Over the weekend I'll be trying my hand at moving from Fedora Core 6 to FreeBSD in an effort to regain lost security of late due to lack of proper confines for PHP.. (long story).  Anyway, I'm going to really tighten up security once this is up and running.. 

So-- A few questions I've got that I'm hoping to get answered:


Is the cciss kernel module part of either the floppy based installer or CD ISO images?  My machine is a Compaq Proliant 6400R with SmartArray 5304 H/W Raid controller and the cciss module is required to see the >500Gb of hot-swap SCSI drives.  If not, how can I install it, in order to bootstrap things?

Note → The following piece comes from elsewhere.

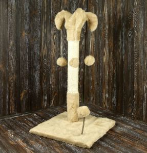 Арлекін Розмір:38х38х67см.D.стовпа: 6.2смМатеріал:штучнехутро,дерево, мотузка, пластик.Вага: 2.5 кг. Обємна вага: кг. Всі ми давно знаємо, що кіт в домі це радість, веселощі та щастя, але й, крім усього цього, є і шкоду (подряпані меблі, руки, шпалери або розідраний диван). У котів є природна потреба точити кігті, і він не вибирає об що. Для цього й потрібні Кігтєточки. Вони потрібні як для дорослих котів, так і для маленьких кошенят адже кігті в них гострі та постійно сверблять. Наша компанія пропонує до Вашої уваги просту, але дуже ефективну кігтєточку Арлекін. Стовпчик із прикольною шапочкою та трьома іграшками-кульками обмотаний натуральним канатом задовольнить потреби Ваших проказників. Ну а кулька на пружинці просто пік радості та блаженства.
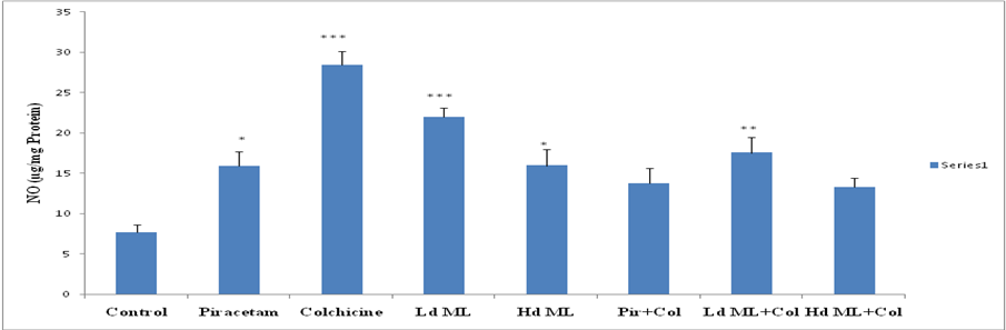 The impact of Madhuca longifolia leaf extract on the level of NO of mice's brain homogenate is represented in fig. 8. On the 29th d; the mice were sacrificed and the brain homogenate was prepared to measure changes in NO level. The statistics were represented as MEAN±SEM (n=6), *P<0.05, **P<0.01, ***P<0.001 when the one-way ANOVA test was followed by Dunnett’s tests and compared with the control group. In the leaf extract (flavonoid fraction); a substantial decrease in the amount of NO was found, thus confirming its memory-enhancing property.

Once things are installed, I'm planning on running several jails -- notably for email (currently using modifed Exim (SA-Exim to be exact) but thinking of moving to Sendmail), Apache, BIND (or dnscache), Postgres, and one for Visualworks (Smalltalk environment) -- since most of these talk over sockets, is there going to be any issues with one jail talking to services running in another jail (e.g. Visualworks in one jail talking to Postgres in another jail via TCP sockets)

Anyone have suggestions on swap sizes -- should they be roughly the same as I've been using in Linux?  I realize that most people suggest 1.5x the RAM size give or take.. I've got 1.5Gb of RAM so perhaps 3Gb of swap is good with room to spare?

I gather that UFS2 is the default file system.. I looked into using ZFS but it doesn't appear to be ready for prime-time -- particularly for a quasi-production server hosting 2 domains and running a Seaside-based web-app for my kids school..I guess I'll stick with UFS2 then...

I think that's about all I can think of for now..


----------



## trev (Feb 28, 2009)

osx-addict said:
			
		

> 1. Is the cciss kernel module part of either the floppy based installer or CD ISO images?  My machine is a Compaq Proliant 6400R with SmartArray 5304 H/W Raid controller and the cciss module is required to see the >500Gb of hot-swap SCSI drives.  If not, how can I install it, in order to bootstrap things?



Yep - from GENERIC config:

# RAID controllers interfaced to the SCSI subsystem
device          amr             # AMI MegaRAID
device          arcmsr          # Areca SATA II RAID
device          ciss            # Compaq Smart RAID 5*



> 3. Anyone have suggestions on swap sizes -- should they be roughly the same as I've been using in Linux?  I realize that most people suggest 1.5x the RAM size give or take.. I've got 1.5Gb of RAM so perhaps 3Gb of swap is good with room to spare?



This has been discussed at some length recently. See http://forums.freebsd.org/showthread.php?t=1561


----------



## osx-addict (Mar 2, 2009)

Thanks!  I was actually able to finally install it w/o issue over the weekend.  It recognized my SmartArray controller w/o issue.
I'm still getting used to things after having used Linux for the past ~3-4 years but so far I'm happy.. The entire 'ports' environment is pretty slick -- no need to *beep**beep**beep**beep* around with compilation/linker issues that are common for items in Linux..


----------